In her sumptuous photographic still lifes replete with flora, food, and artifacts, Paulette Tavormina creates intensely personal interpretations of timeless tableaux. With a painterly perspective reminiscent of Old Masters such as Francisco de Zurbarán, Adriaen Coorte, and Giovanna Garzoni, Tavormina’s meticulously orchestrated and lit photographs are boldly contemporary in their precision.
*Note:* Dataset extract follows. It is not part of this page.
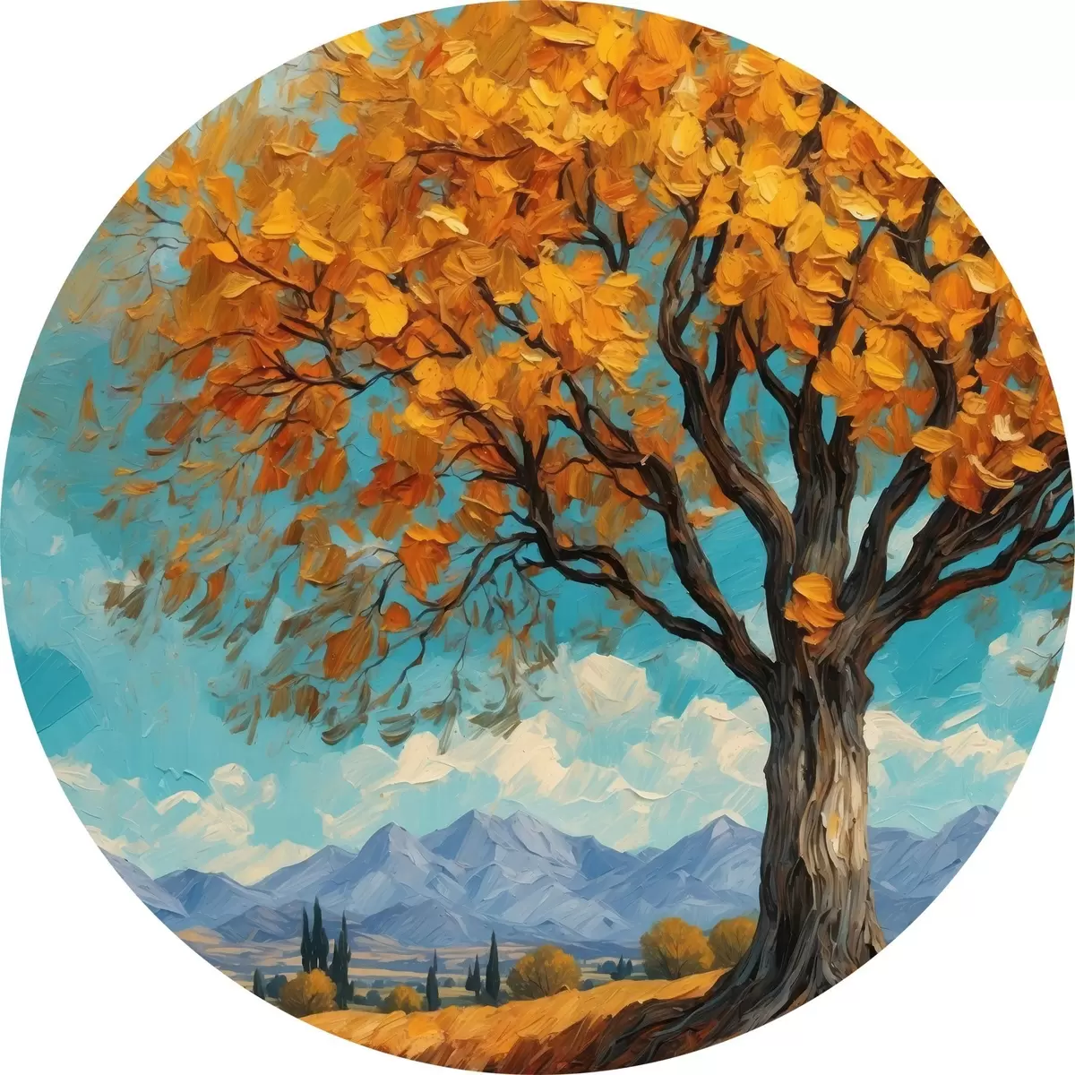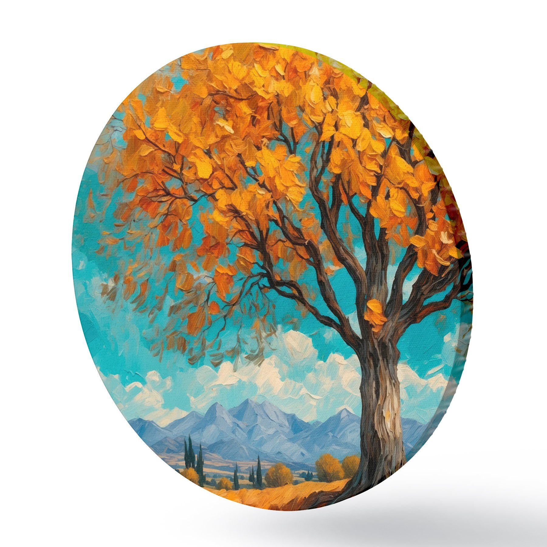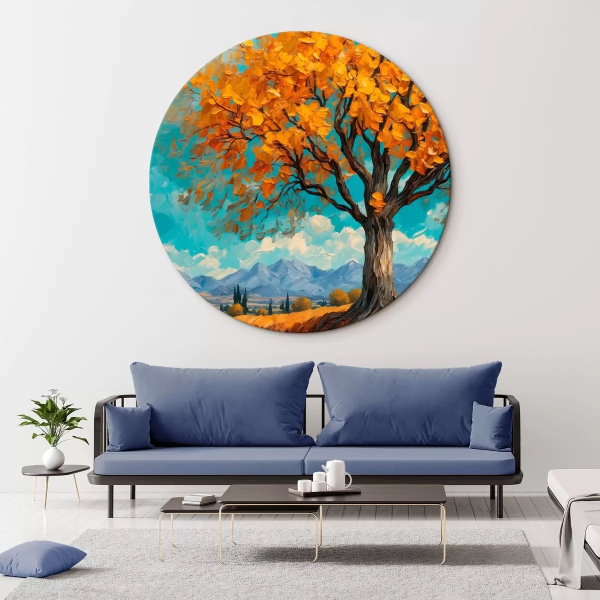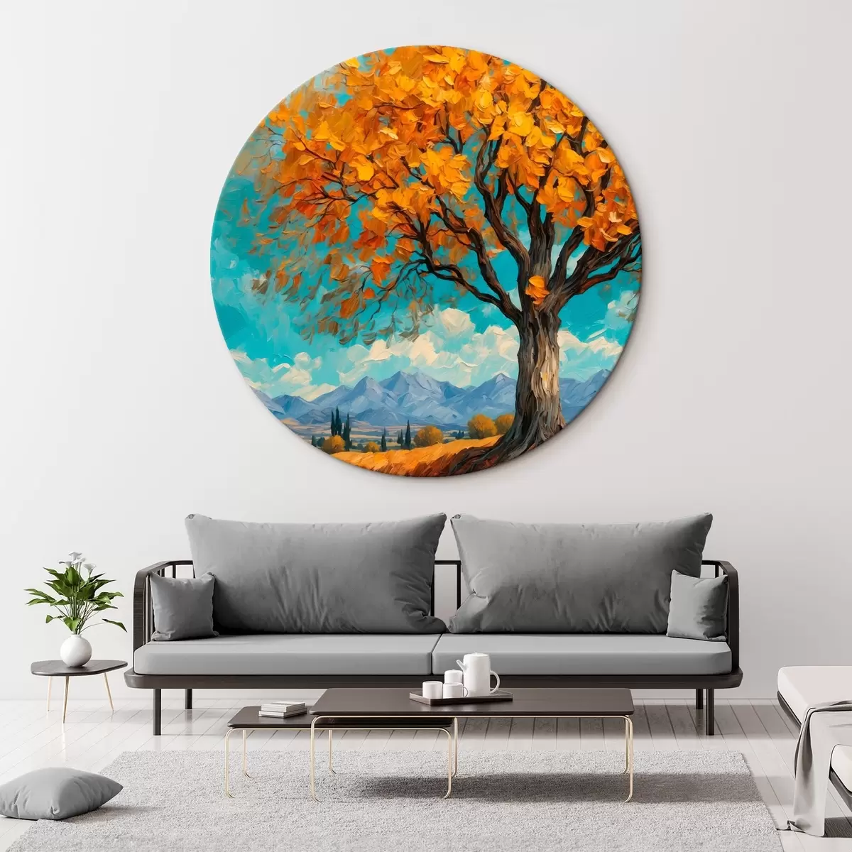 Runde Gemälde Baum auf dem Gipfel eines Hügels r42263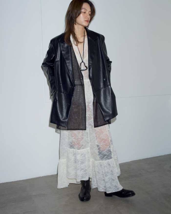 中でも人気の「サイドカットルーズデニム」や「チュールコンビフェイクレザージャケット」は、ラフさと品のバランスが絶妙。

Paulette Tavormina: Seizing Beauty presents the full array of her seductive and opulent still life series, heirs to the legacy of a cherished art tradition now seen through the lens of photography. Essays by art and photography scholars Silvia Malaguzzi, Mark Alice Durant, and Anke Van Wagenberg-Ter Hoeven delve into the seventeenth- and eighteenth-century sources of Tavormina’s inspiration, her stance in art photography, and how the conventions of yesterday’s painting can transform to make visually stunning photographic art for today.
"The photographer Paulette Tavormina began her professional career working with antiques, food styling and photographing works of art for an auction house. She’s also spent many years collecting bits and pieces—the insects, objects and flowers that fill her studio—from markets and little shops. Her new book took six years to photograph and brings together all these experiences: It features 65 sumptuous color images inspired by old master still lifes. At first glance, you might easily mistake one of Tavormina’s images for a Zurbarán or a work from the Dutch Golden Age of painting—many of the book’s photographs are built up with flowers, fruit, insects, objects, jewelry, butterflies and broken bits of porcelain. Others are inspired by the symbolic Vanitas paintings of the 16th and 17th centuries, with skulls and the reminder of death and the passing of all worldly goods."
—The New York Times' T Magazine
"In her new book, Seizing Beauty, the New York–based photographer has compiled a collection of carefully crafted vignettes of astounding beauty, combining fruit, flowers, and unexpected fauna (a monarch here, a grasshopper there) in moody compositions that seem to glow from within."